Vector databases can scale to accommodate vast amounts of embeddings, enabling LLMs to manage extensive datasets efficiently. Scalability is vital for chatbots, content generation, and question-answering systems. Finally, LLMs can operate in multiple languages; and so can vector databases. Storing embeddings for various languages facilitates seamless transitions between languages while maintaining a cross-lingual context.
Implementing an LLM and a vector database in production is a huge step forward, but it’s important to conduct safety checks to ensure that the solutions are safe, responsible and deliver actual business value.
The final safety check, known as the evaluation stage, is usually performed by humans. Here are a few examples where human-in-the-loop evaluation can significantly improve the reliability, accuracy and effectiveness of vector databases, making them more applicable and useful across a range of business scenarios:
- Contextual Relevance: AI might categorize terms based purely on the similarities encoded in your vector database. Human evaluators can ensure that the categorizations also make sense in the broader context in which the terms are usually used, adding a layer of real-world relevance.
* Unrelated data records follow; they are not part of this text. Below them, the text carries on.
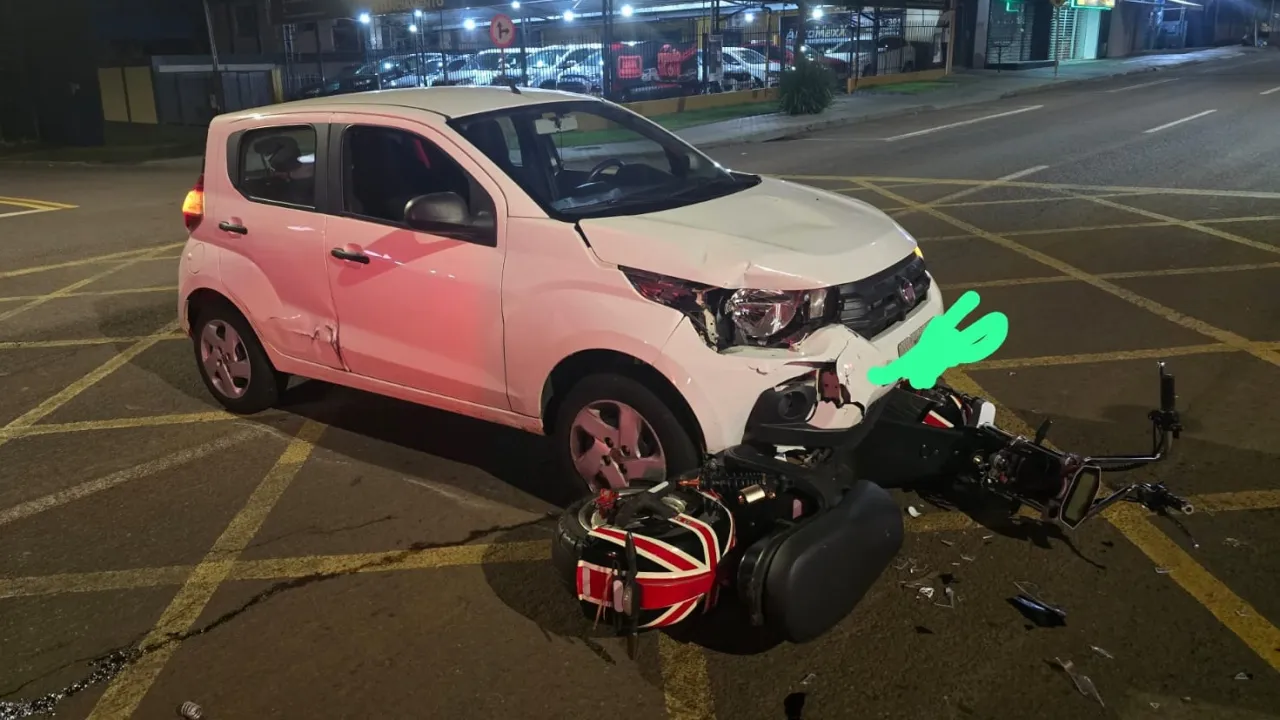 Um sinistro de trânsito registrado na noite da ultima segunda-feira (13/04]0, por volta das 23h20, deixou duas pessoas feridas no cruzamento das ruas Cuiabá e Presidente Bernardes, no bairro Neva, em Cascavel. A ocorrência envolveu um automóvel e um ciclomotor elétrico, mobilizando equipes de atendimento e fiscalização.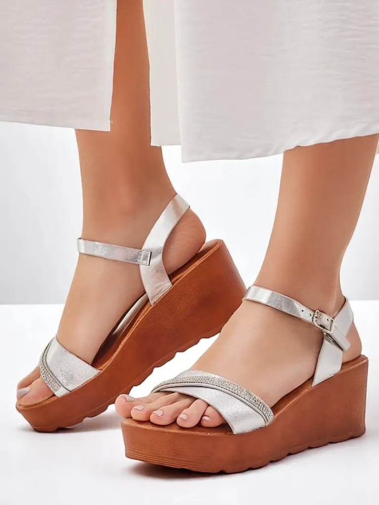 - Odkryj elegancję z sandałami Aurora Glow. Zjawiskowe na koturnie, ozdobione błyszczącymi cyrkoniami i subtelnym brokatem, idealnie podkreślają letni blask. Połączenie komfortu i luksusowego wyglądu – doskonałe na każdą wyjątkową okazję!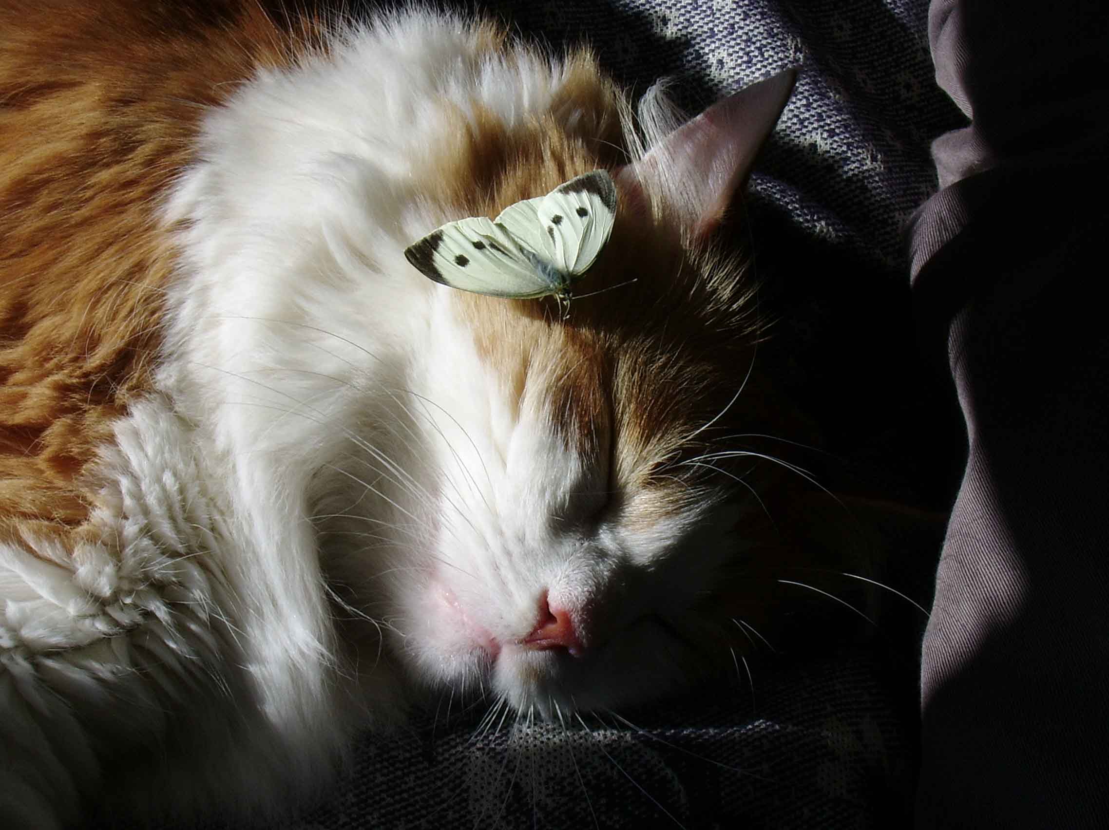 Безпокоит вот што, не склеил ли ласты котег под бабочкай. Если животное усопло, там через пару часов не только бабочки сидеть будут, но и мухи, и чирвички-опарышы.

- Ethical and Cultural Nuances: Certain terms or phrases may be culturally sensitive or could have ethical implications. Human evaluation ensures that vector databases are sensitive to these issues, filtering out or re-categorizing potentially problematic content.
- Industry-Specific Jargon: In specialized fields like law, healthcare or engineering, certain terms have specific meanings that general AI models may not grasp. Human experts in these domains can ensure that such terms are accurately represented in the vector database.
- Ambiguity Resolution: Language is often ambiguous, and words can have multiple meanings based on the context. Human evaluation can help distinguish between these different meanings, ensuring that the vector database handles ambiguity more effectively.
Given that language, culture and context is always evolving, and new slang or terminology can quickly become relevant, periodic human evaluation ensures that the vector database stays current and relevant.
By efficiently storing and retrieving vector representations of words and phrases, these databases enhance an LLM’s ability to maintain context, offer relevant responses, and manage extensive data. As organizations strive for higher efficiency and personalized services, investing in LLMs that utilize advanced vector databases is not just smart — it’s strategic. Understanding this technology is crucial for business leaders aiming to maximize the benefits of AI in their enterprise. Now is the time to act, aligning AI adoption strategies with solutions that harness the full potential of vector databases.